At least books don’t get cancelled

Did you ever watch The 4400? How about Space Above and Beyond? I expect most people reading this watched Firefly, right?

Space_Above_and_Beyond

Television is increasingly seen as the home of deep visual story telling. HBO and its imitators have created shows with the depth and passion of a great novel, things like The Wire, Deadwood and Damages. Even science fiction and fantasy are having a resurgence and upping their game, with Game of Thrones being compared to the non-genre greats and new arrivals like Helix offering up the promise of something a bit different. Sure it’s not all brilliant – I didn’t get past the first episode of Falling Skies – but it’s fair to say that TV can now do deep, credible fiction on a par with novels.

But television does something that novels don’t. It gets cancelled.

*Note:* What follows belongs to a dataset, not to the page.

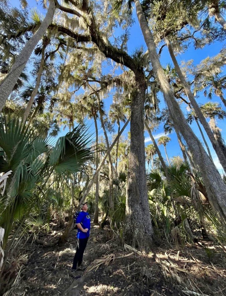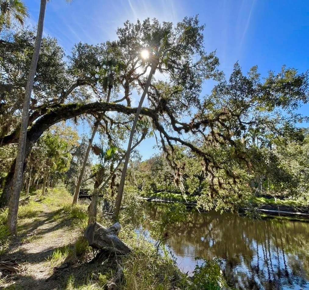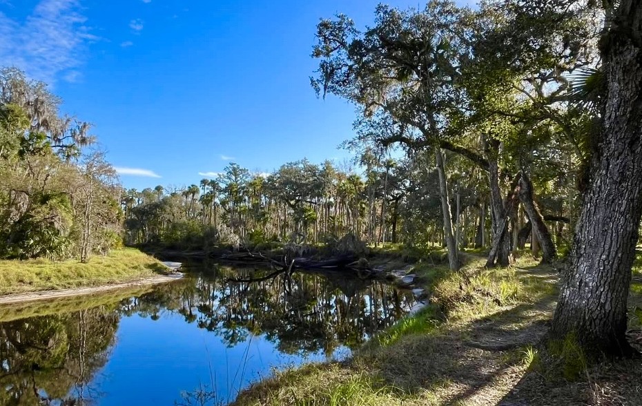 My wife and I were so smitten by the river that we chose to stop for snacks 3.8 miles into our hike, just short of the junction with the equestrian trail at a sandy beach beside the river, and we then retraced our steps to enjoy more panoramas of the Econlockhatchee. Because of the serpentine bends of the river, virtually every twist offered another pretty view of live oaks and palms arching out from the riverbanks, the sky reflecting off the glassy water’s surface, or old growth trees towering beside the trail. And although we also love the much more accessible Kolokee Loop Trail near Barr Street, this stretch is far quieter and less traveled. I’ve found few other trails so close to the Orlando metro area where you can find so much solitude while hiking beside a river.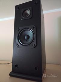 Altoparlanti casse Sanyo 2 canali, sistema che lavora su due canali ma composto da due satelliti due vie e un subwoofer 20 cm. Sanyo SuperBass SXS801 satelliti e SXW801 Subwoofer 80W.

I never found out why the 4400 were really sent back. I never knew which of the Wildcards made it through the war. And the fate of Serenity, while resolved in the film, still left much tantalising potential untapped. Whereas authors, barring death or distraction, will make it to the end.

So hooray for novels. And hooray for television. And hooray for the fact that at least one of them regularly offers us closure.

And if you haven’t seen it then try to get hold of ‘Who Monitors The Birds?’, Space Above And Beyond’s twelfth episode. That show might have had some bum notes, but that one episode made it all worthwhile.